RECORD EXTRACTS
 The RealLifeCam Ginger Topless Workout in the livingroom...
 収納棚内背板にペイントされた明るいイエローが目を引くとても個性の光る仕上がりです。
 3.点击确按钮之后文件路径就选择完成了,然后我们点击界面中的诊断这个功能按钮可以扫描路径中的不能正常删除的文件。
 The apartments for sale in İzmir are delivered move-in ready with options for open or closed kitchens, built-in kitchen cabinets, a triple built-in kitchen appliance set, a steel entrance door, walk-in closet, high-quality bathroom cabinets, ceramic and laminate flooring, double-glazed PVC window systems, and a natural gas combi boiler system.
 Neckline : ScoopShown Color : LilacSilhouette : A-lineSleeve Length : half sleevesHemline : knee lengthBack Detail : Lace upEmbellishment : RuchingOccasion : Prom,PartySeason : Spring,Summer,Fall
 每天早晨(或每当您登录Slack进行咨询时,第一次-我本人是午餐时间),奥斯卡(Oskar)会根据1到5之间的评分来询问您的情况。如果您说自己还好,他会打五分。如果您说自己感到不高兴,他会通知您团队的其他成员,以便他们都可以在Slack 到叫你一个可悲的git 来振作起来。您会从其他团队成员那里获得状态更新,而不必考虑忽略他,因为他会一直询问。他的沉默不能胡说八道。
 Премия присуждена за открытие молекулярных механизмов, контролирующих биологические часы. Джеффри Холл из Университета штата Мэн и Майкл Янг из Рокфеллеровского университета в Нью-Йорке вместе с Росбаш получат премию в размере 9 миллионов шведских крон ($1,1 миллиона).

---

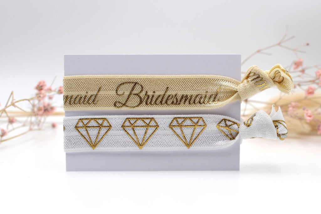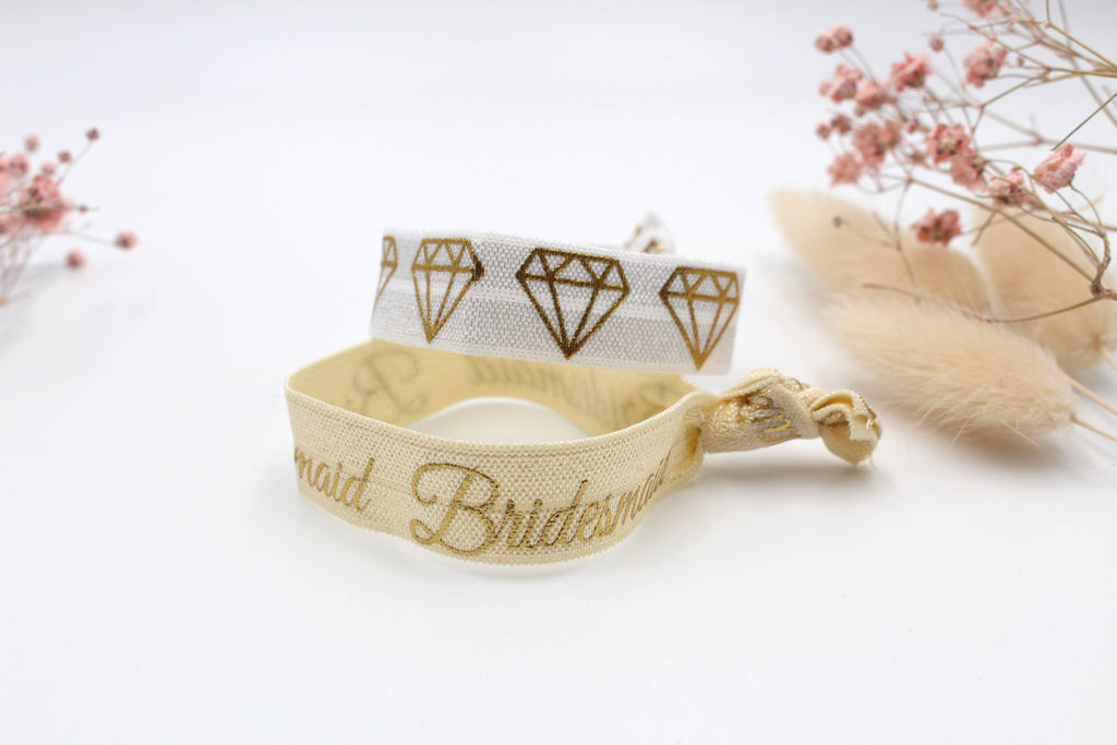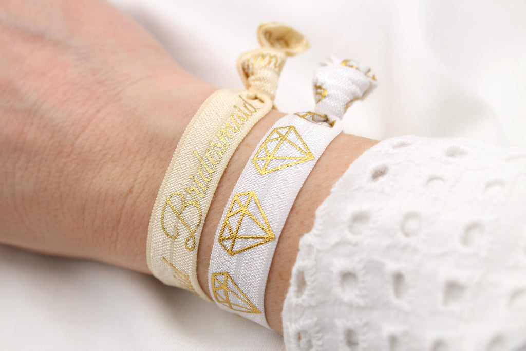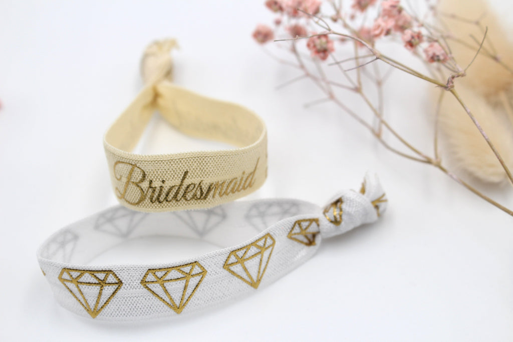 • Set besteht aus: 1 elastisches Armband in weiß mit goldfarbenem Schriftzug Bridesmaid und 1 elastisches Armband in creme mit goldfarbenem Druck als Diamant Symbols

ACTIVITY
From the listing above, the lines starting with the one that has "Neckline : ScoopShown" and running through the one that has "Премия присуждена за" should be copied exactly, ends included.

RESPONSE AREA
 Neckline : ScoopShown Color : LilacSilhouette : A-lineSleeve Length : half sleevesHemline : knee lengthBack Detail : Lace upEmbellishment : RuchingOccasion : Prom,PartySeason : Spring,Summer,Fall
 每天早晨(或每当您登录Slack进行咨询时,第一次-我本人是午餐时间),奥斯卡(Oskar)会根据1到5之间的评分来询问您的情况。如果您说自己还好,他会打五分。如果您说自己感到不高兴,他会通知您团队的其他成员,以便他们都可以在Slack 到叫你一个可悲的git 来振作起来。您会从其他团队成员那里获得状态更新,而不必考虑忽略他,因为他会一直询问。他的沉默不能胡说八道。
 Премия присуждена за открытие молекулярных механизмов, контролирующих биологические часы. Джеффри Холл из Университета штата Мэн и Майкл Янг из Рокфеллеровского университета в Нью-Йорке вместе с Росбаш получат премию в размере 9 миллионов шведских крон ($1,1 миллиона).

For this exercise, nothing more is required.